Bağ- bahçe işlerine artık dikkat edilmediğini lisana getiren Akın, “İnsanlar artık bu memlekette göçer vaziyette yaşıyor. Kışın gidiyorlar, yazın 3-5 ay geliyorlar. ötürüsıyla bu işlere vakit ayıramıyorlar. Arazinin eğimli, yağmurun da fazlaca olmasından dolayı bu durum da tehlike oluşturuyor. Bu düzenlemeler yapılmalı. Herkes dikkat etmeli ve önlemini almalı yoksa sel olduğunda sıkışıp kalıyoruz” diye konuştu.


‘Köydeki çiftlik işleri ihmal ediliyor’


Hemşin’in klasik hayatını, ucundan da olsa yakaladığını lakin eski hayat usulünün artık kalmadığını belirten Akın, “Ben yaşım prestijiyle Hemşin’in temel klasik hayatını, çaydan evvelki periyodu ucundan da olsa yakaladım. Çayla biroldukça şey değişti. Çay gelmedilk evvel bütün bahçelere mısır ekilirdi. daha sonradan çayın gelmesiyle ve çay tarımının daha kolay, gelirinin daha düzgün olmasıyla tüm mısır bahçelerine çay ekildi. Eski klâsik Hemşin hayatını biliyorum ve özlüyorum. Biz bahçenin tamamı çay tarımı yapmadık, bir kısmını mısır ekerek bıraktık ve bu türlü kıymetlendiriyoruz. Artık gördüğüm kadarıyla köylerde çalışan kalmadı. Çayı da dışarıdan günlükçü tutup onlara toplattırıyorlar. Köydeki çiftçilik işleri ihmal ediliyor. Burası evvelce büyük bir köydü, her insanın hayvanı vardı. Şu an köylerde eski üretim kalmadı. ötürüsıyla eski ömür şekli da artık kalmadı, diyebilirim” dedi.
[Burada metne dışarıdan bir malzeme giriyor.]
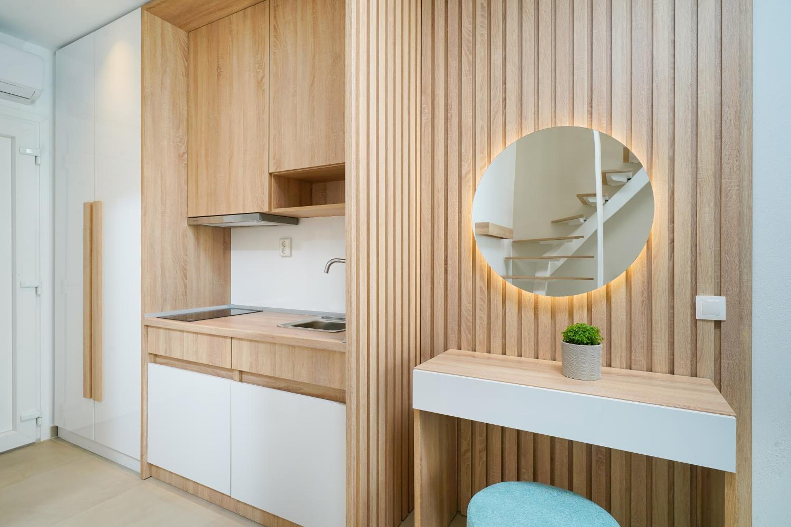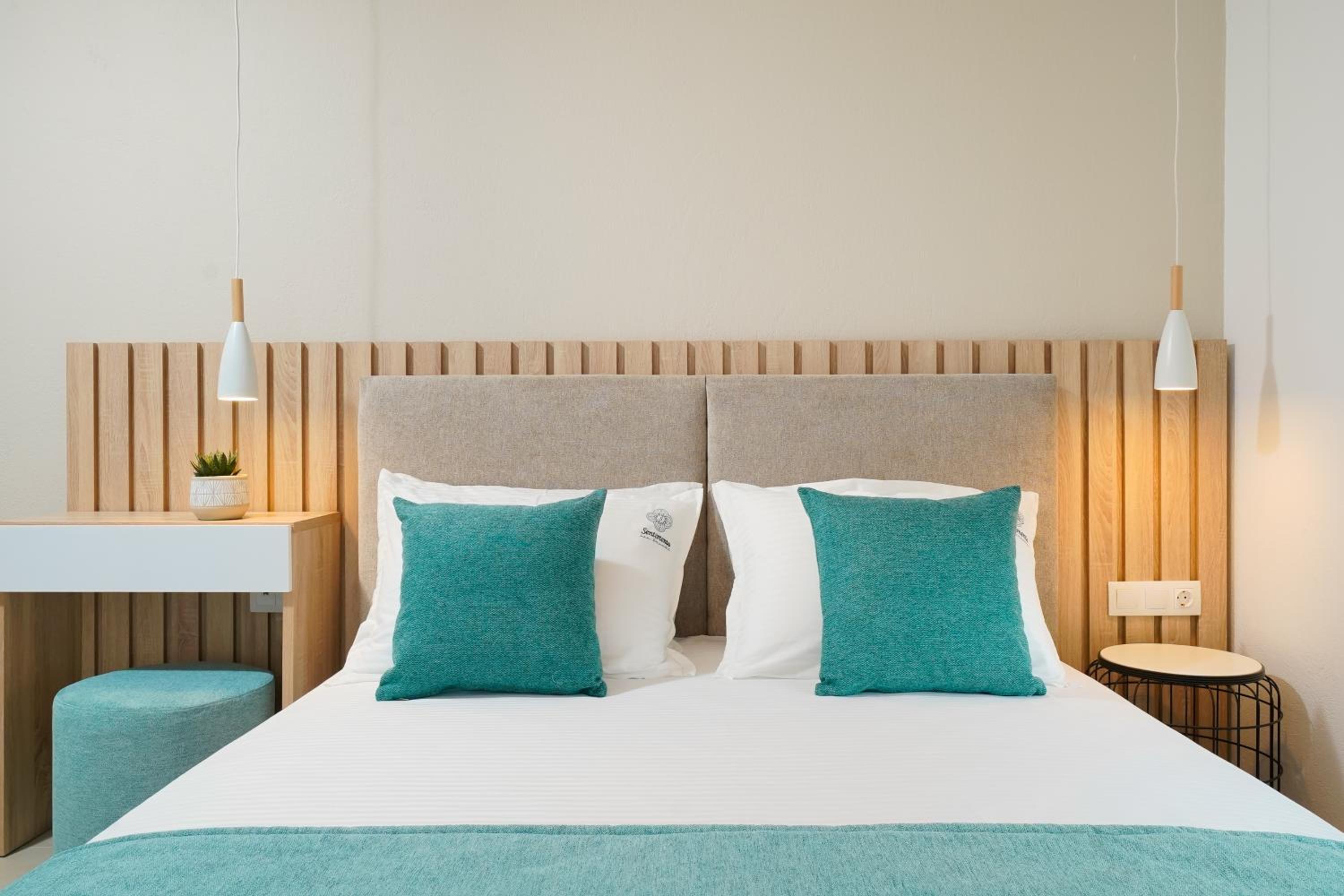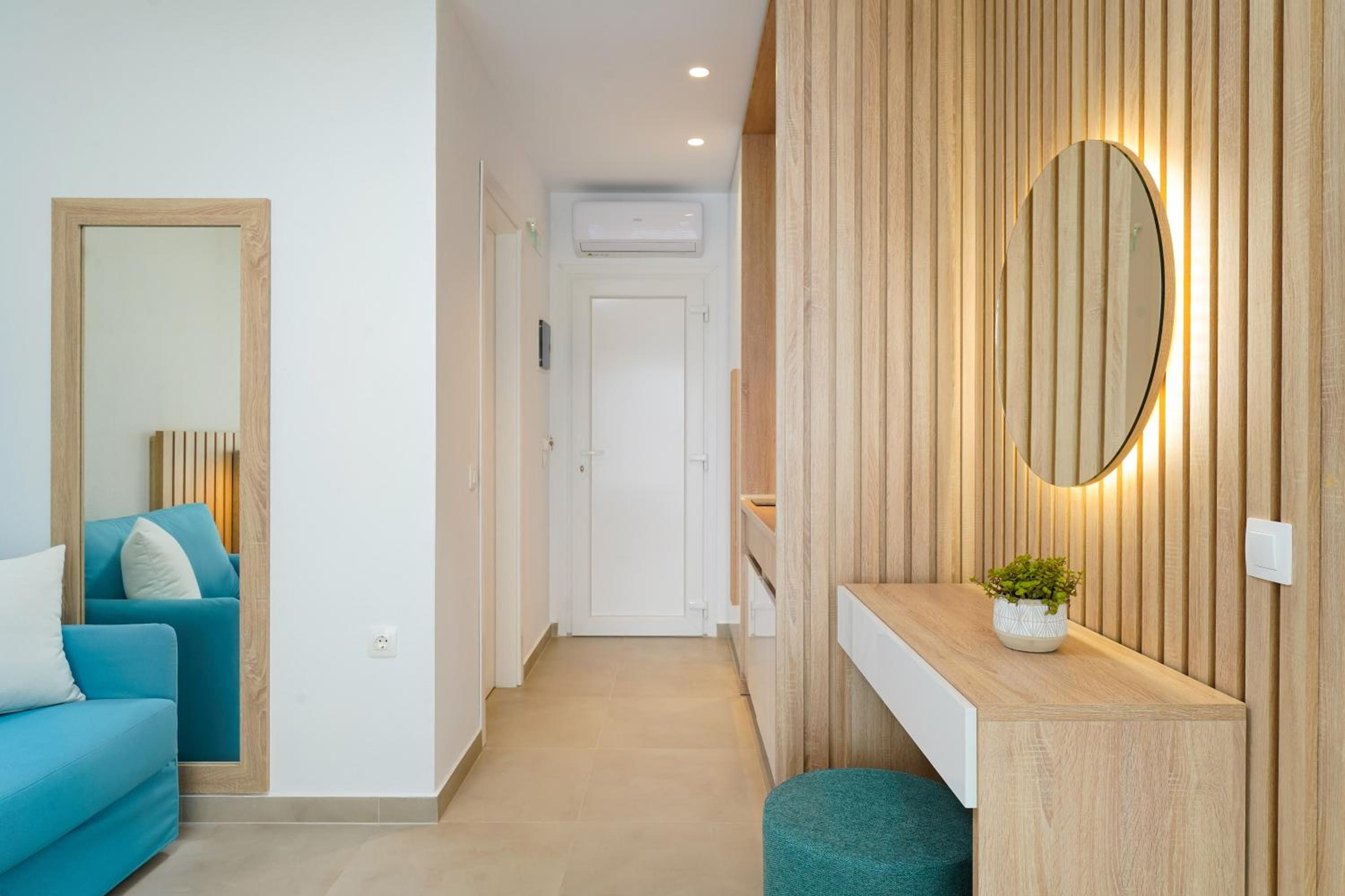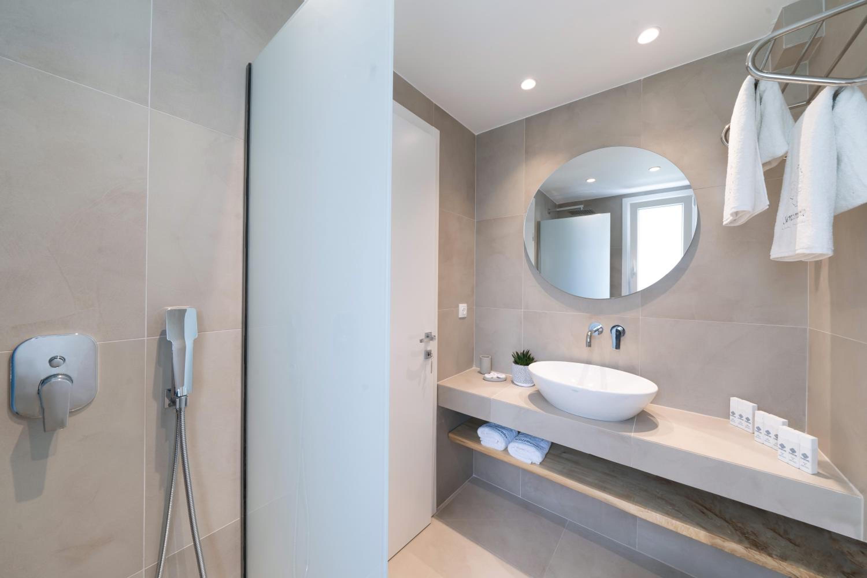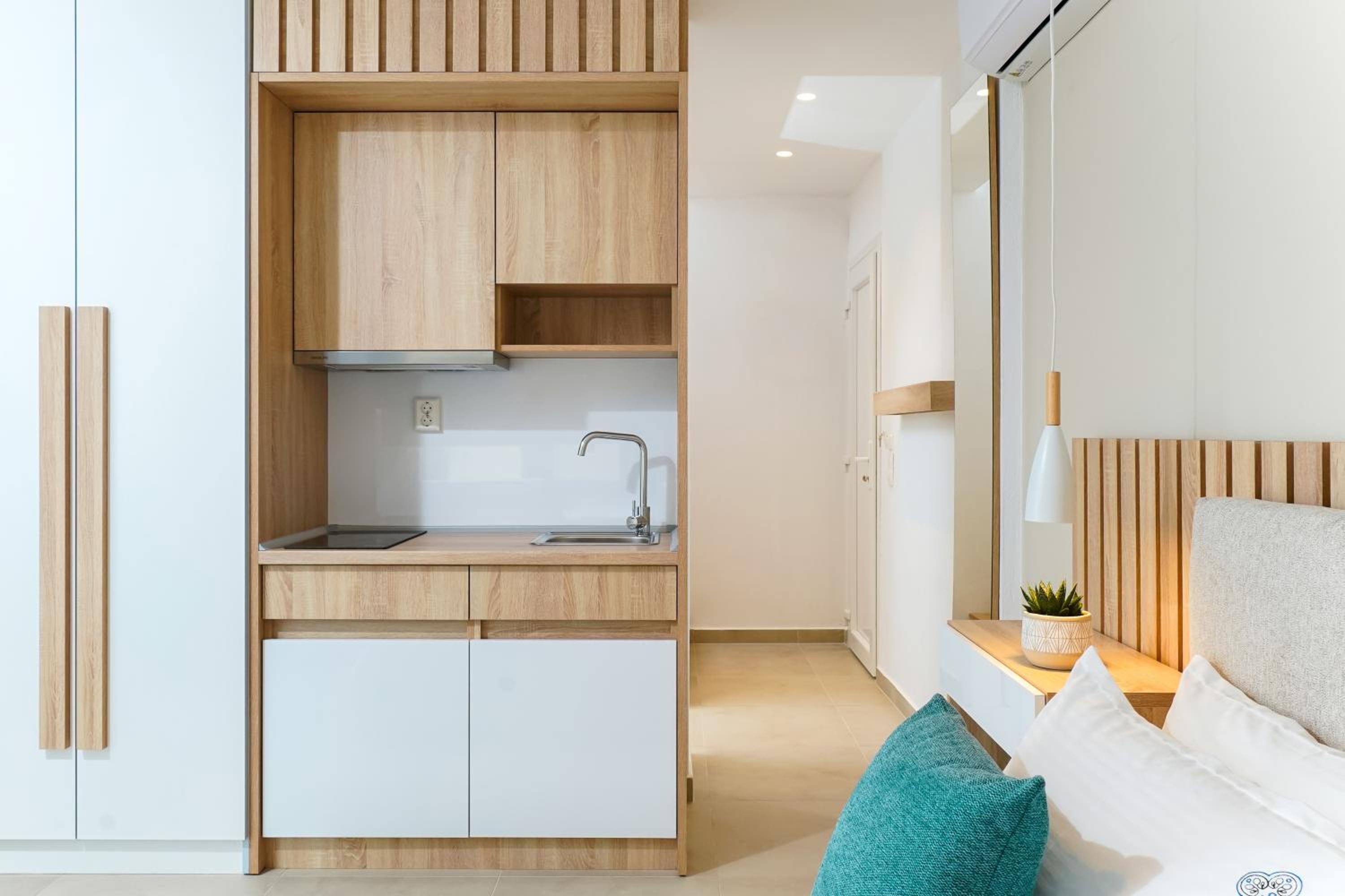 Everything was great! Stylishly decorated rooms that brought relaxation to mind. Loads of amenities - mosquito-nets, hair dryer, iron, sandwich maker + you could even choose between pillows. Spacious balconies with a partial sea-view, equipped with comfy patio furniture. The cleaning crew was meticulous with attention to detail. Staff was friendly and helpful. We were pleasantly surprised by a Greek night with live music and traditional food on our last night. Almost forgot - a cute little black and white cat that actively greeted us whenever we returned. Vast beach with calm water even on windy days just a few meters from the property. Good restaurants nearby. Satisfied with our choice.

Doğal yaşama yöneliş olduğuna da değinen Ali Sait Akın, “Pandemidilk öncesini de ele alırsak ‘doğal ömür’ ismi altında bir köylerin tanınan olması durumu var. ötürüsıyla pandemidilk evvel de buralardan giden insanların memlekete daha sık geldiğine şahit olmaya başladık. Bu süreçte de beşerler burada kalıp, kendilerini daha hür ve rahat buldular. Öteki ülkelerde de doğal yaşama bir yöneliş var hatta Avrupa’da batıda bahçecilik, küçük de olsa bostancılık yapılıyor ve beğeni alıyor. Biz bu işleri daima yapıyorduk ve bu kadar tanınan değildi. Artık ehemmiyeti arttı. Buralarda daha sağlıklı, doğal üretim yapılabilir ve daha zevkli yaşanabilir. Bunun için daha epey çalışmak vakit harcamak gerekiyor” diye konuştu.

Haber Sitelerinden Alıntı Yapılmıştır.